また、女王陛下から、私の即位後初めての外国訪問として、私と皇后を英国に御招待いただいたことについて、そのお気持ちに皇后とともに心から感謝しております。〉

 当初宮内庁からは、前例にならって秋篠宮ご夫妻が国葬に参列される可能性についても言及があったようだが、「陛下のお気持ちを伺ってから」という留保がなされたようだ。前述の文書からは、まさに陛下の強いお気持ちがにじみでているようで、あまり感情をあらわにされない陛下には珍しいことだろう。当時、天皇陛下が参列される方向で調整が進められているという報道を受けて、深く納得した。

 雅子さまもご体調を見ながら参列を検討されるとして、結果的に両陛下での国葬への参列が実現した。
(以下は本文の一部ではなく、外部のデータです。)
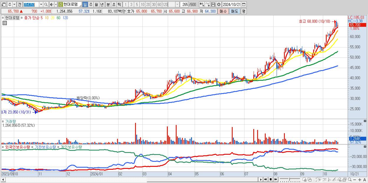- 현대로템 (65,700원 ▲ 1.08% , 시총: 71,706억, 거래량: 1,264,056, 거래대금:831억)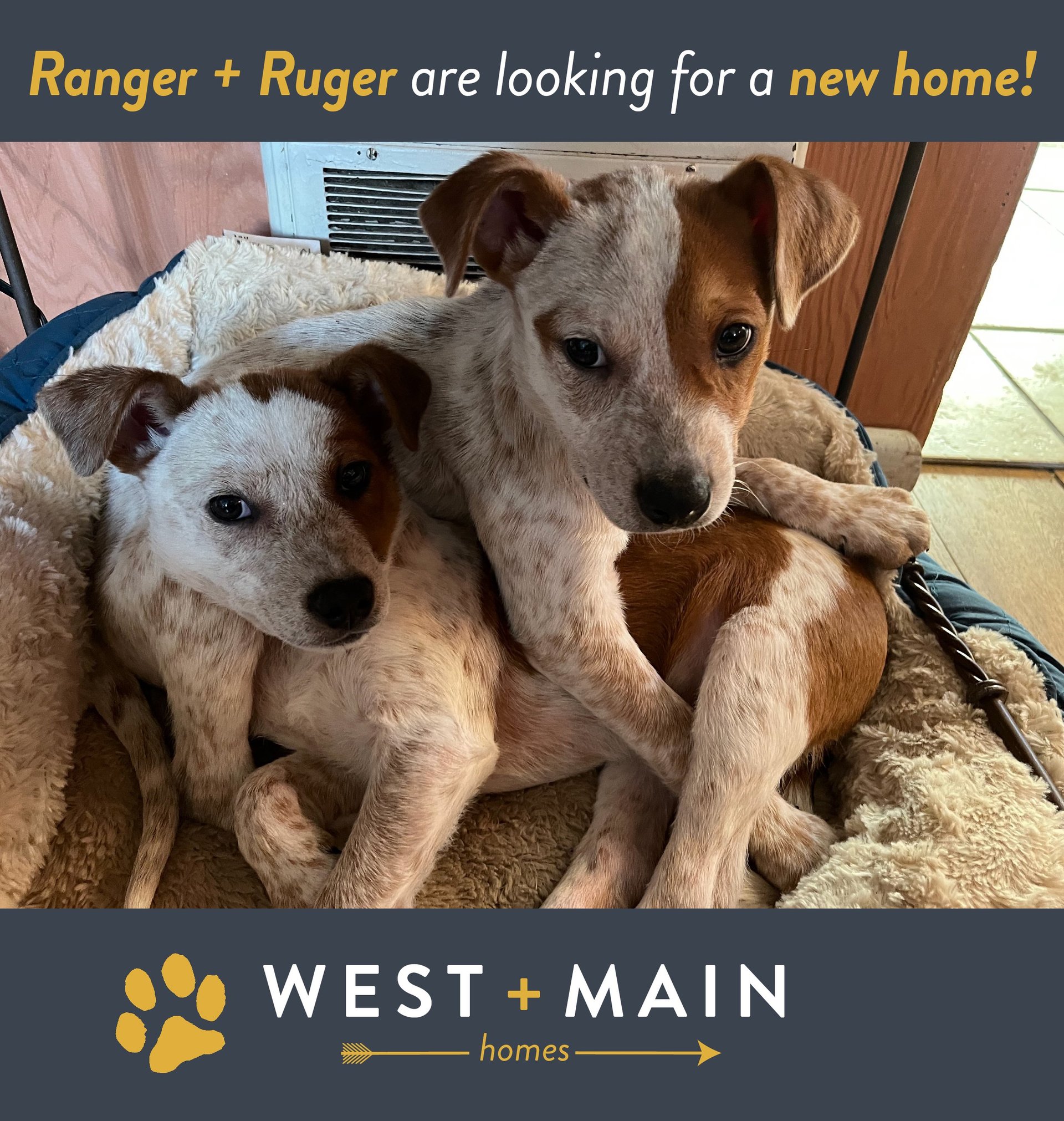 Smart, sweet, cuddly male puppies are ready for adoption! Ranger and Ruger are cattle dog mixes and can be adopted together or individually. They are being fostered in Denver but the adoption will go through Soul Dog Rescue in Fort Lupton.

エリザベス女王の訃報から間もなく国葬が執り行われたことで、通常の公務などよりも急な日程で、ご体調を調整されたことと拝察している。

 

 そんな中で迎えたご出発の朝。皇居・正門からセンチュリーに乗車されて、両陛下が姿を見せられた。雅子さまは小さく会釈を繰り返されながら、左手を頬の高さまであげて、小刻みに振られていた。いつもよりも控えめな笑顔を浮かべられていたようだ。「全国戦没者追悼式」などでお召しになるスーツを選ばれた。周辺に集まった人は200人以上にのぼっただろうか。桜田門に向かって、両陛下を見送る人々が大勢並んでいた。

ブラックフォーマルの“雅子さまの貫禄”

 ロンドンへ到着された両陛下が黒いマスクを着用されていたことは話題を呼んだ。エリザベス女王に対する弔意と、コロナの感染対策への意識のあらわれだったのだろう。だが、ウェストミンスター寺院ではマスクを着用されることなく、素顔を見せられた。外出先で両陛下がマスクを外されているお姿を拝見したのは、実に久しぶりのことだった。モーニングをお召しになった陛下の穏やかなご表情や、雅子さまの静かでいて堂々としたお振る舞いに圧倒された。

 雅子さまはブラックのジャケットとスカートをお召しになり、帽子からパンプスまで、喪に服したフォーマルな装いだった。黒はジュエリーの輝きが映える色でもある。